PCAST recommended that Federal funding for applied energy technology R&D in the areas of fossil fuels, nuclear fission, nuclear fusion, renewable energy sources, and energy end-use efficiency, be increased from a total of about $1.3 billion per year in FY 1998 to $1.8 billion in FY 1999 and $2.4 billion by FY 2003. (In constant-dollar terms, the figure in 2003 would be about the same as annual spending for these purposes at the beginning of the 1990s, during the Bush Administration.) The largest shares of the proposed increases would go to R&D in energy efficiency and renewable energy technologies, but nuclear fusion and fission would also receive increases. The composition of R&D on advanced fossil-fuel technologies would change in favor of longer-term opportunities, including fuel cells and carbon-sequestration technologies, but the overall spending in the fossil-fuel area would remain approximately constant in real terms.
The twenty-one members of the PCAST panel came from the private sector, academia, and
We agree with PCAST that our energy challenges and opportunities are significant. We have made little progress in reducing our dependence on foreign oil in the 25 years since the first OPEC oil embargo. Record-low oil prices are shutting down our small independent wells and increasing our dependence on foreign sources. The United States currently imports roughly half of its oil, about 45% from OPEC countries including the Persian Gulf.
Improving energy efficiency not only reduces our dependence on oil, but saves us real money. Since that first oil shock, energy R&D and deployment of advanced energy efficiency and supply technologies, along with other structural changes in our economy, have reduced the energy intensity of U.S. economic activity by nearly one-third, saving U.S. consumers some $150-$200 billion per year. But low oil prices have slowed or stopped further reductions in our national energy intensity.
The Climate Change Technology Initiative
The President's FY 2000 Climate Change Technology Initiative budget is a direct response to the recommendations of the PCAST report. The President's FY2000 budget proposes $1.4 billion for the R&D and deployment of clean and efficient energy supply and end use technologies. This is a $347 million increase over FY1999 investments.

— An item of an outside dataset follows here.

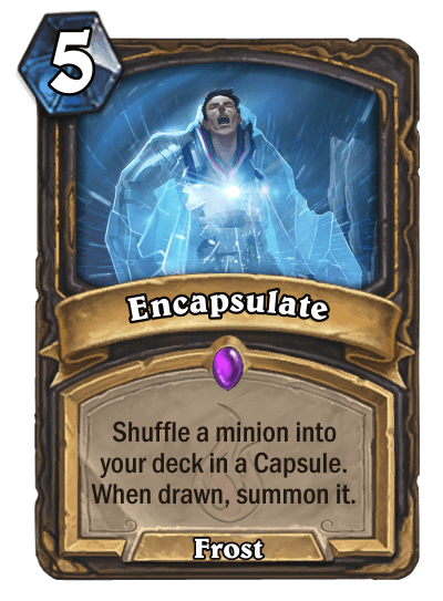 Rogue got a really fun "Casts When Drawn" package this expansion. This card is my favourite out of those. It works like Druid really old card called Recycle, but costs (1) less and shuffles a minion in the Special Capsule token, which is a Casts When Drawn that resummons it on your side. Extremely powerful removal with many synergies!

The CCTI programs build on PCAST's recommendations for increased investment in a broad, balanced energy R&D portfolio that can serve the long-term goal of diversifying our energy base, moving us away from our dependence on fossil fuels, and finding more environmentally benign ways to use our fossil fuel resources. At the same time, these programs will improve the production and delivery of reliable, cost-effective supplies of energy and help meet the energy needs identified by PCAST. While CCTI will help stimulate the development and deployment of energy technologies which can help us reduce greenhouse gas emissions in the short-term, that has never been CCTT's primary goal, and it would be inappropriate to judge it solely on that basis. These investments will help provide America with a diverse, strong, and affordable energy future.
The Need to Act
The science of climate change is extremely complex and continuing to evolve. It is fair to say, however, that the last several decades have seen a remarkable increase in our understanding of how the Earth's climate system functions, how the climate has changed in the past, and how it is likely to change in the future. Most importantly, we have identified a number of independent lines of evidence that human activities are affecting the climate system and that a continued increase in greenhouse gas emissions is likely to result in more climate change during the next century than we have observed during the last century. The Second Assessment Report of the Intergovernmental Panel on Climate Change (IPCC), which is the most comprehensive and rigorous overall assessment of climate change science and impacts, puts it this way: "The balance of evidence suggests that there is a discernible human influence on global climate.”
Significant uncertainties remain in the science of climate change, particularly with regard to the precise regional distribution of changes in precipitation and temperature and the simultaneous effects of multiple impacts on ecosystems. Yet we know enough about climate change and its causes and consequences to take reasonable actions to mitigate and adapt to change, and thus minimize its effects on the environments and human health and well being.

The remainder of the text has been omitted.